CLEAVER: Well, I mean, the black line is symbolic, I guess, of the line that we’re about to cross in terms of irrevocable change on our planet, and there’s no going back. It’s also – you know, I just think the black line is very symbolic of, like, death or the end. And unfortunately, that’s kind of what the fossil fuel industry has done to a lot of communities, especially indigenous communities, poor communities, people of color. And I’m specifically referring to the Ogoni Nine and the Standing Rock Sioux. But, you know, right now there are the Line 3 protesters trying to stop the oil spills in their territories. So it’s a really ongoing fight, unfortunately.
(SOUND EXTRACTION OF JELLY CLEAVER’S SONG, “BLACK LINE”)
KURTZLEBEN: Well, to switch gears here, let’s talk about this other band you’re in. As we mentioned earlier, you’re in this all-female disco band called All Day Breakfast Cafe. You all released an EP in October called “Builder’s Brew”. Now, I guess – is that a reference to Miles Davis?

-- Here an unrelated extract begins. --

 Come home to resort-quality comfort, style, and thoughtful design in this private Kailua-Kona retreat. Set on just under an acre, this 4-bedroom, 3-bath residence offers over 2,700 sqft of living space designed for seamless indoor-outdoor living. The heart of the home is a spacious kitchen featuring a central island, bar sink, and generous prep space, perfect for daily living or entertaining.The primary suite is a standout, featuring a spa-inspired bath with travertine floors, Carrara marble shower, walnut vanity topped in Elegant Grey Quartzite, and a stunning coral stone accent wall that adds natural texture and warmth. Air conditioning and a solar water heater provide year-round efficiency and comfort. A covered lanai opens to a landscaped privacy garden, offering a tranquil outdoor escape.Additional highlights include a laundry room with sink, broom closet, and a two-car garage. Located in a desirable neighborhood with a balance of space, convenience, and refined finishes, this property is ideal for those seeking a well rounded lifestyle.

CLEAVER: It is, yeah (laughs). We all met on the London jazz scene, which is simply extremely eclectic. You know, in the jams we played, you know, maybe, I don’t know, John Coltrane, definitely Miles Davis, Freddie Hubbard – you know, all the greats. We also like to listen to people like Chaka Khan, Amy Winehouse, Erykah Badu. You know, we kind of listen to jazz and soul through the ages.

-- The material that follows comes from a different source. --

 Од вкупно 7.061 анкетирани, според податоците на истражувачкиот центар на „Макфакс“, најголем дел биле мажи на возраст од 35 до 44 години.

And I DJ sometimes, and I just had a burning desire to create the music that I was mixing – which is all, you know, soul, funk and disco – as a live project. And, you know, I was sort of interrupted by the pandemic. But I’m so happy that I got to have a band of my, you know, closest friends and, again, amazing musicians. And we can just make really, really fun, happy, joyful music together.
KURTZLEBEN: Right. Well, I want to get into happy, happy disco music. Here is a piece of a song called “Old School Struggling”.
(SOUNDBITE OF SONG, “OLD SCHOOL STRUGGLING”)
ALL DAY BREAKFAST CAFE: (Singing) We’re just old school hustles. Yes, I’m just trying to do that. We’re just old school in trouble. We’re just old-school hustles. Yes, I’m just trying to do that.
KURTZLEBEN: Tell me about this song. It’s such a happy song.
CLEAVEUR: Yeah. Well, that was actually our first single that we released, and the track is inspired by the fact that, you know, we’re all in our twenties. Many of us have day jobs alongside music. So we’ll practice in the morning, rehearse in the evening, get some sleep, and maybe a meal at some point. And, you know, at the end, we give all our money to our landlord and start counting the pennies for the next month. And, you know, while it’s, you know, young and romantic and all that, it’s also a lot of work for young creatives to make a living in a lot of big cities. And so I just wanted to kind of put this universal message for a lot of young people in a way that we can dance.
I think that’s what disco was so amazing about doing in the ’70s. You know, there were a lot of communities, like gay, LGBT, and black–colored communities, and they got together on weekend and they were singing about the grief and about how – you know, how difficult their life was. But they would just party, be merry and have a good time. So that’s what we’re trying to do now these days.
KURTZLEBEN: It’s artist Jelly Cleaver. His new EP is “Jelly Cleaver And The Forever Presence”. Jelly, thank you very much.
CLEAVER: Oh, thank you so much for inviting me.